# What you need to do
The line containing "Picture this: an" and each line after it, through the final line of the data, are to be retyped exactly, with pictures left out.

# Given information

*****

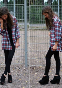 Wedge boots - it is a universal model, suitable for various skirts, narrow jeans, creative tops and even flowing dresses of delicate shades. What such shoes do not tolerate is wide trousers with flared leg. Otherwise, create a memorable image quite easily.
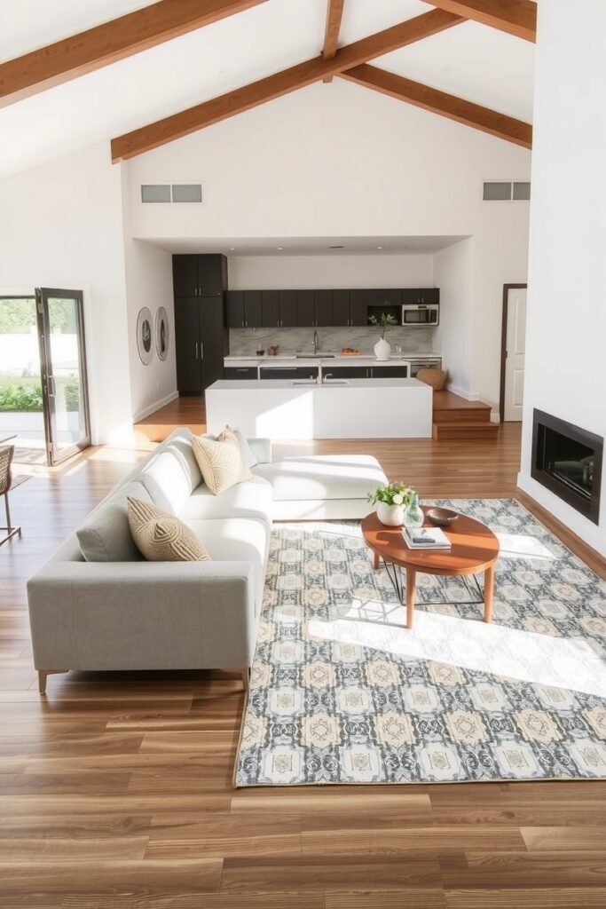 Picture this: an open-plan space where the living area gently drops down by a single step. Not enough to scream for attention but enough to softly define where relaxation begins.
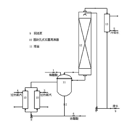 本系统采用先进设计理念,将生产过程产生的15%-25%的稀醋酸浓缩?9%,在此过程中使排放的废水达到环保标准。系统主体设?石墨精馏塔,采用聚四氟乙烯浸渍石墨新型材料制造,整个系统具有工艺先进,操作简便,运行费用少,使用年限长的特点,目前,该系统已在浙江龙盛集团、浙江闰土集团成功运行、/p>

*****

# Answer area
 Picture this: an open-plan space where the living area gently drops down by a single step. Not enough to scream for attention but enough to softly define where relaxation begins.
 本系统采用先进设计理念,将生产过程产生的15%-25%的稀醋酸浓缩?9%,在此过程中使排放的废水达到环保标准。系统主体设?石墨精馏塔,采用聚四氟乙烯浸渍石墨新型材料制造,整个系统具有工艺先进,操作简便,运行费用少,使用年限长的特点,目前,该系统已在浙江龙盛集团、浙江闰土集团成功运行、/p>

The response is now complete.